■ To do:
Please set down the lines of the listing exactly, from its first line to the line with "大家首先来到了红军过境户县陈", leaving the pictures out.

*** Data block ***

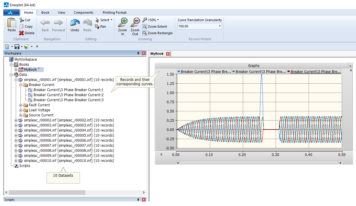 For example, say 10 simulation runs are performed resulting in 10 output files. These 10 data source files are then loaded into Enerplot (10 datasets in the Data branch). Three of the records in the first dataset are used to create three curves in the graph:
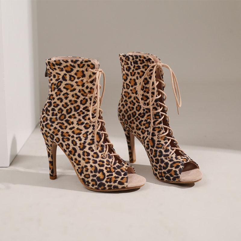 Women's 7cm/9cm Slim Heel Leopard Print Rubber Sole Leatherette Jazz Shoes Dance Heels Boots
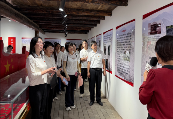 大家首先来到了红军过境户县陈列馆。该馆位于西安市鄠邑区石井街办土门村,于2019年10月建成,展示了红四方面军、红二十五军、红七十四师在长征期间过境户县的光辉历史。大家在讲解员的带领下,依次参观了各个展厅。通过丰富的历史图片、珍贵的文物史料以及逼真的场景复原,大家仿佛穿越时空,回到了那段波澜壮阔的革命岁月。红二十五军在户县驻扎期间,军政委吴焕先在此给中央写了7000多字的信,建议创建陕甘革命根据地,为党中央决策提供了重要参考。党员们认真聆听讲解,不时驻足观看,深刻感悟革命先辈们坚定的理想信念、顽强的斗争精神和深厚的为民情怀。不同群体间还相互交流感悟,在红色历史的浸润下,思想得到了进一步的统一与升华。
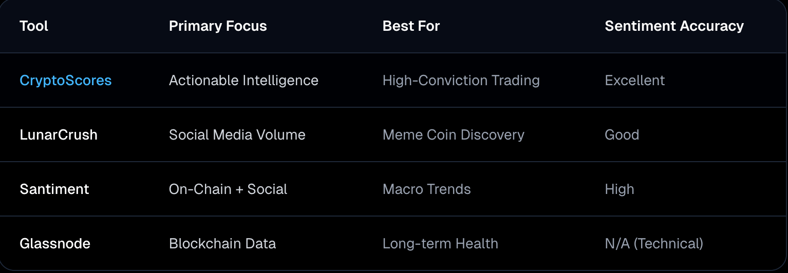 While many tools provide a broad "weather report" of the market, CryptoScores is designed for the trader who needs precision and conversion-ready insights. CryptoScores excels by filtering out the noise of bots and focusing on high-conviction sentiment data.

*** End of Data block ***

■ Task response:
 For example, say 10 simulation runs are performed resulting in 10 output files. These 10 data source files are then loaded into Enerplot (10 datasets in the Data branch). Three of the records in the first dataset are used to create three curves in the graph:
 Women's 7cm/9cm Slim Heel Leopard Print Rubber Sole Leatherette Jazz Shoes Dance Heels Boots
 大家首先来到了红军过境户县陈列馆。该馆位于西安市鄠邑区石井街办土门村,于2019年10月建成,展示了红四方面军、红二十五军、红七十四师在长征期间过境户县的光辉历史。大家在讲解员的带领下,依次参观了各个展厅。通过丰富的历史图片、珍贵的文物史料以及逼真的场景复原,大家仿佛穿越时空,回到了那段波澜壮阔的革命岁月。红二十五军在户县驻扎期间,军政委吴焕先在此给中央写了7000多字的信,建议创建陕甘革命根据地,为党中央决策提供了重要参考。党员们认真聆听讲解,不时驻足观看,深刻感悟革命先辈们坚定的理想信念、顽强的斗争精神和深厚的为民情怀。不同群体间还相互交流感悟,在红色历史的浸润下,思想得到了进一步的统一与升华。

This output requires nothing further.